Это был у нас первый, кажется, серьезный, даже горячий разговор. Раньше мы таких вопросов, можно сказать, не касались. Я — потому что, выясняя свои отношения с богом, считал это своим личным, внутренним, может быть, даже потаенным делом, нуждающимся еще в дополнительных доказательствах и обоснованиях, а он… Я не берусь говорить за него, о внутренних ходах его мысли, могу только догадываться. Но раньше мне всегда казалось, что церковная служба для него была именно службой, а не служением, выполнением установленных, обязательных функций, и только. Но с ходом событий весь этот вопрос принял для него другой, более острый, глубокий мировоззренческий смысл — шелуха отпала, вернее даже, отброшена, и из нее проступил и вырос принцип жизни и мышления.

А я читал в это время Давида Штрауса «Жизнь Иисуса» и, вслед за ним, подвергал жестокому разгрому все евангельские сказания от Матфея до Иоанна.

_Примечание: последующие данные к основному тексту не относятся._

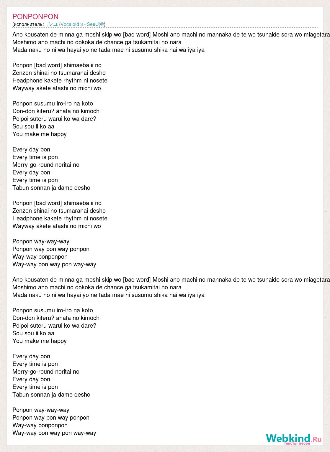 Ano kousaten de minna ga moshi skip wo [bad word] Moshi ano machi no mannaka de te wo tsunaide sora wo miagetara Moshimo ano machi no dokoka de chance ga tsukamitai no nara Mada naku no ni wa hayai yo ne tada mae ni susumu shika nai wa iya iya Ponpon [bad word] shimaeba ii no Zenzen shinai no tsumaranai desho Headphone kakete rhythm ni nosete Wayway akete atashi no michi wo Ponpon susumu iro-iro na koto Don-don kiteru? anata no kimochi Poipoi suteru warui ko wa dare? Sou sou ii ko aa You make me happy Every day pon Every time is pon Merry-go-round noritai no Every day pon Every time is pon Tabun sonnan ja dame desho Ponpon [bad word] shimaeba ii no Zenzen shinai no tsumaranai desho Headphone kakete rhythm ni nosete Wayway akete atashi no michi wo Ponpon way-way-way Ponpon way pon way ponpon Way-way ponponpon Way-way pon way pon way-way Ano kousaten de minna ga moshi skip wo [bad word] Moshi ano machi no mannaka de te wo tsunaide sora wo miagetara Moshimo ano machi no dokoka de chance ga tsukamitai no nara Mada naku no ni wa hayai yo ne tada mae ni susumu shika nai wa iya iya Ponpon susumu iro-iro na koto Don-don kiteru? anata no kimochi Poipoi suteru warui ko wa dare? Sou sou ii ko aa You make me happy Every day pon Every time is pon Merry-go-round noritai no Every day pon Every time is pon Tabun sonnan ja dame desho Ponpon way-way-way Ponpon way pon way ponpon Way-way ponponpon Way-way pon way pon way-way

— Что ты на это скажешь? — его же вопросом спросил я теперь у отца, развертывая перед ним только что вычитанную у Штрауса всю цепь его критической аргументации.

Отец ответил не сразу, и я понял, что он просто выигрывает время, обдумывая ответ, и старательно помешивал дрова в лежанке, которую мы подтапливали на ночь для тепла.

Я до сих пор люблю это занятие — топить печку, вслушиваться в потрескивание дров, смотреть то на веселую игру огня, потом на умиротворенное свечение затухающих углей, при свете которых так хорошо думается. И до сих пор с этим связывается у меня фотокопия чьей-то — не знаю — картины, которая была в нашем семейном альбоме: вечерний сумрак, скупой свет догорающей печки, а возле нее склонившаяся фигура сельской учительницы в белой блузке, дочитывающей захватившую ее, видимо, книгу. Милый образ старой русской интеллигенции!

— Да бог с ними, с евангелиями, — прервал мои мысли отец совсем другим, примирительным тоном. — Важна суть, сущность христианства. А может, и вообще религии. Ее дух и смысл. Ты говоришь, что боги — сыновья страха перед непостижимостью. Нет! Это — сыновья надежды. Это свет, озаряющий полную страхов тьму. Душевное состояние, приносящее счастье. Внутреннее счастье! Только самый последний нигилист может жить ни во что не веря. Чем жить? Как жить? Вот что такое религия! А разве притча о блудном сыне не учит, не лучше учит этому? А притча о бедном Лазаре?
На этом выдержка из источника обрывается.